Hasta ahora, el resultado directo de esta pandemia para nosotros ha sido
poner de manifiesto la incapacidad del gobierno. La estulticia de nuestros gobernantes ha
quedado patente sin necesidad de aplicar algún reactivo. No saben de matemáticas, no saben de
geografía y mucho menos de diagnósticos y medicina. Nuestra salud está en manos de incompetentes
que ni siquiera conocen sus funciones básicas y más elementales; el bienestar
común. El detrimento social que vivimos,
tiene su máxima expresión en la actitud de la clase política. La ineptitud de estos funcionarios frente a
las grandes tragedias naturales, ha costado más vidas que cualquier otra
enfermedad de temporada.
Sospechosamente,
cada vez que el gobierno norteamericano tiene su famoso censo cada decenio,
este viene acompañado por una nueva amenaza global. Tal fue el caso de la gripe porcina H1N1 hace
exactamente una década. Cualquiera diría
que prefieren contar cadáveres que vidas, para luego esconderlos en vagones. Mientras tanto, las megatiendas tienen una
nueva época de bonanza, vendiendo a sobre precio artículos de primera necesidad.
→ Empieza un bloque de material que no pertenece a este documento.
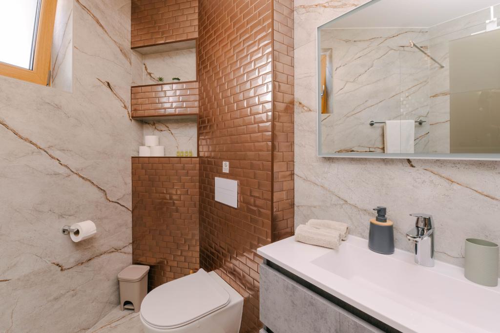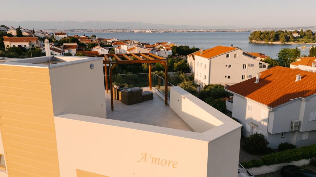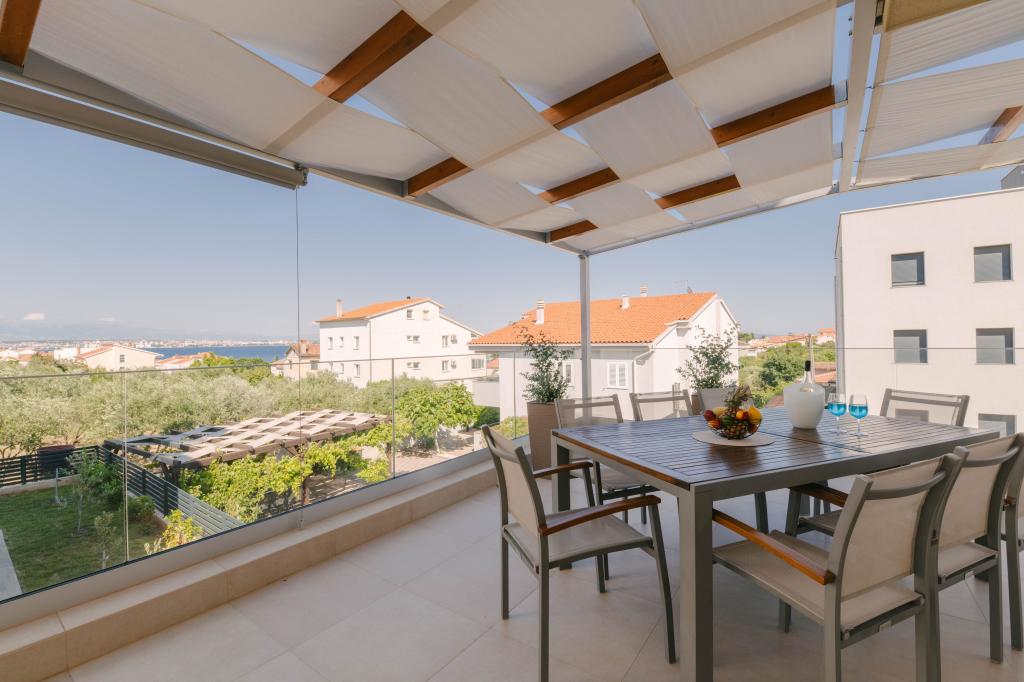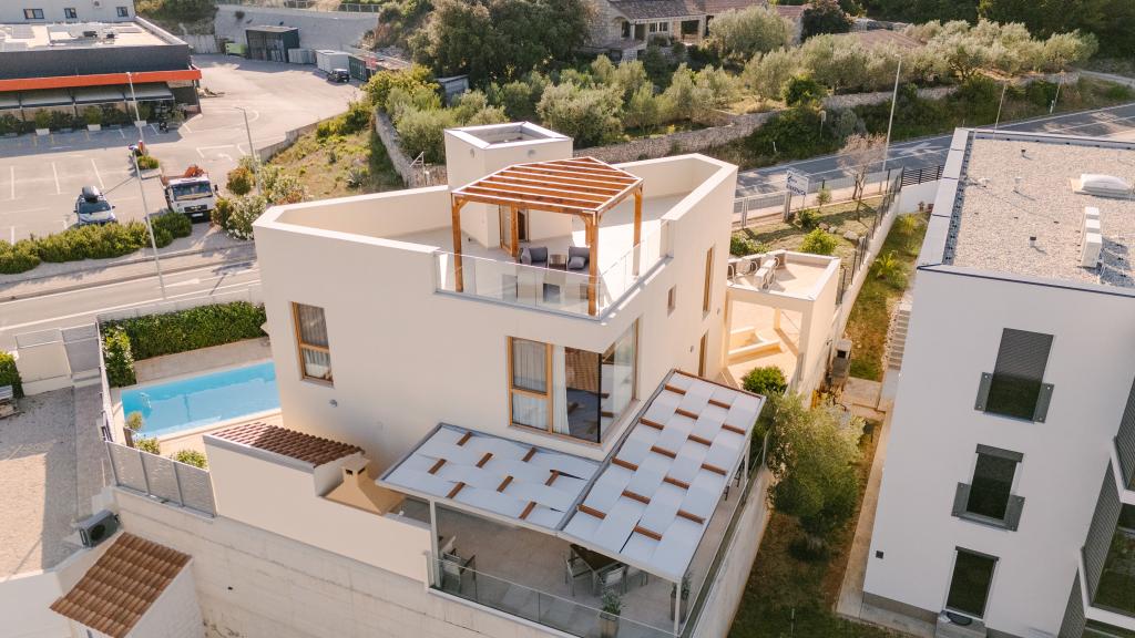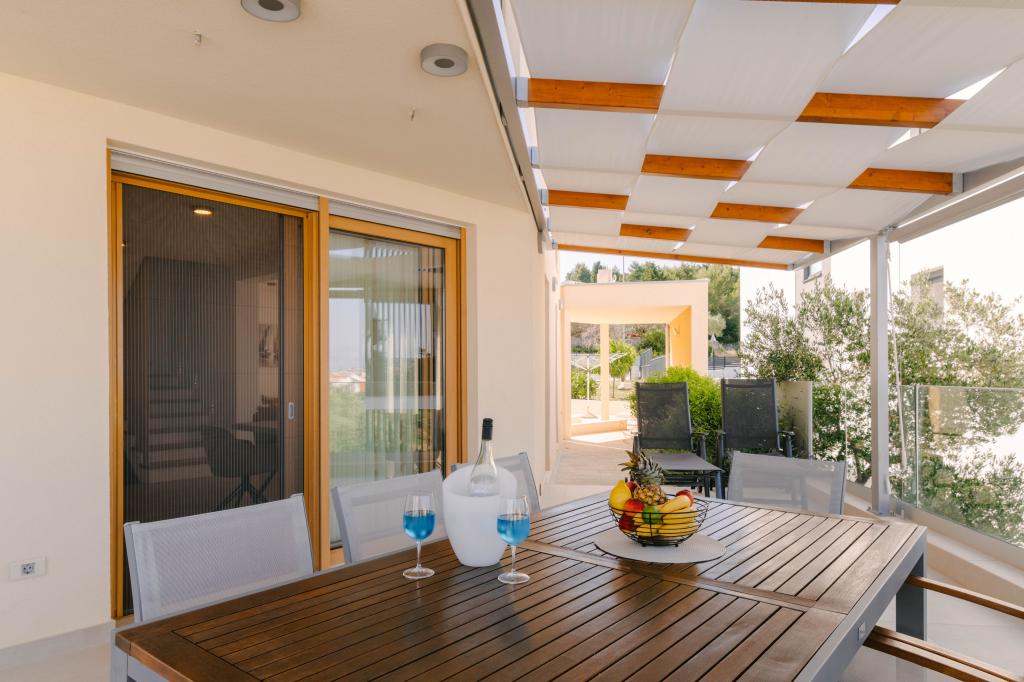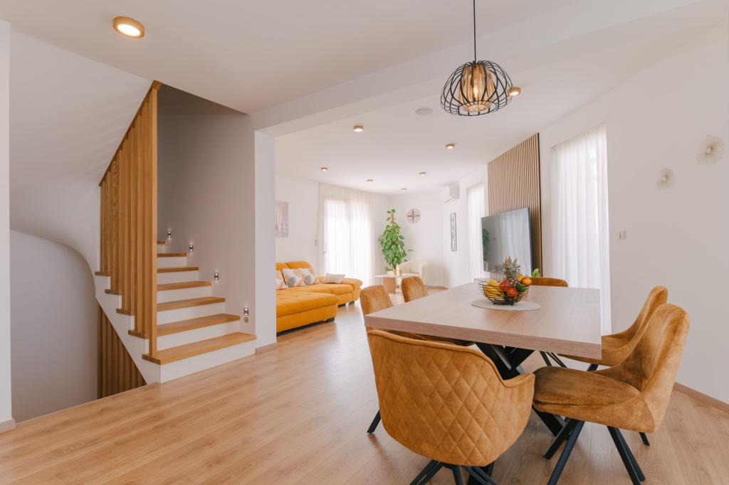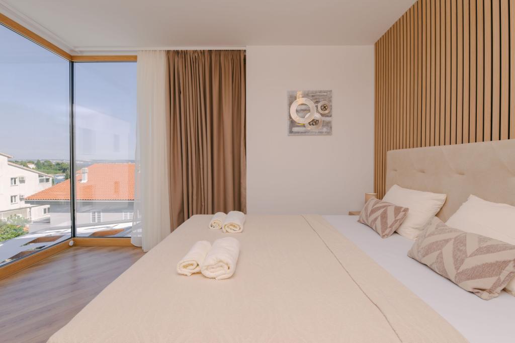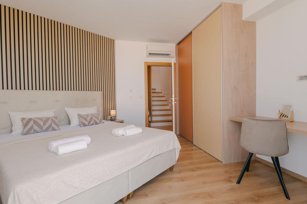 Tri moderne glavne spalnice se nahajajo v zgornjem nadstropju, ena soba za goste pa v kleti. Vse kopalnice so opremljene z vrhunskimi armaturami Grohe in Laufen, prestižnimi dizajnerskimi keramičnimi ploščicami in elegantnimi steklenimi vrati. Hiša je uradno kategorizirana s strani Ministrstva za turizem Republike Hrvaške, kar omogoča udobno namestitev za 9, celo 10 gostov. Dnevna soba in jedilnica odprtega tipa ter vsaka spalnica so opremljene z individualnimi klimatskimi napravami s tihim načinom, kar je idealno za miren spanec. Moderna kuhinja znane avstrijske blagovne znamke DanKüchen je v celoti opremljena z vrhunskimi aparati, vključno s hladilnikom z ledomatom in dozatorjem hladne vode.

Sin mencionar las grandes farmacéuticas que
esperan ansiosas el descubrimiento de la vacuna que sirva de panacea; a la vez
que medran de la crisis general.
Suponiendo que no crearon el problema en un laboratorio para luego mercadear
la tan esperada cura.
Así
discurre nuestra vida insular; entre epidemias criollas y pandemias globales. Polarizamos la atención en distracciones y
nimiedades, mientras se esparcen y reproducen como virus y bacterias mortales
los problemas sociales. El desprecio a
la vida y los derechos fundamentales, el discrimen, la intolerancia, la
indiferencia generalizada y el desapego individualista sirven de trampolín al
desgobierno, a la apatía gubernamental y la corrupción institucional. Padecemos el síndrome de Estocolmo. Consentimos, y hasta nos convertimos en
cómplices de los que tienen secuestrada nuestra voluntad y nuestro futuro. El fanatismo político nos lleva a aceptar,
incluso a justificar, las agresiones indiscriminadas del partido de turno en el
poder; aunque esto sea la cosa más insalubre que puede sufrir un pueblo.
Pero
este próximo noviembre se termina nuestra eterna cuarentena. Llega el tiempo de vacunarnos contra los
corruptos, parapocos y oportunistas. Tendremos
una nueva oportunidad de poner en remisión la descomposición social, salir de
la eutanasia a la que nos han sometido y recuperar nuestra salud nacional.
¡Levántate
y anda!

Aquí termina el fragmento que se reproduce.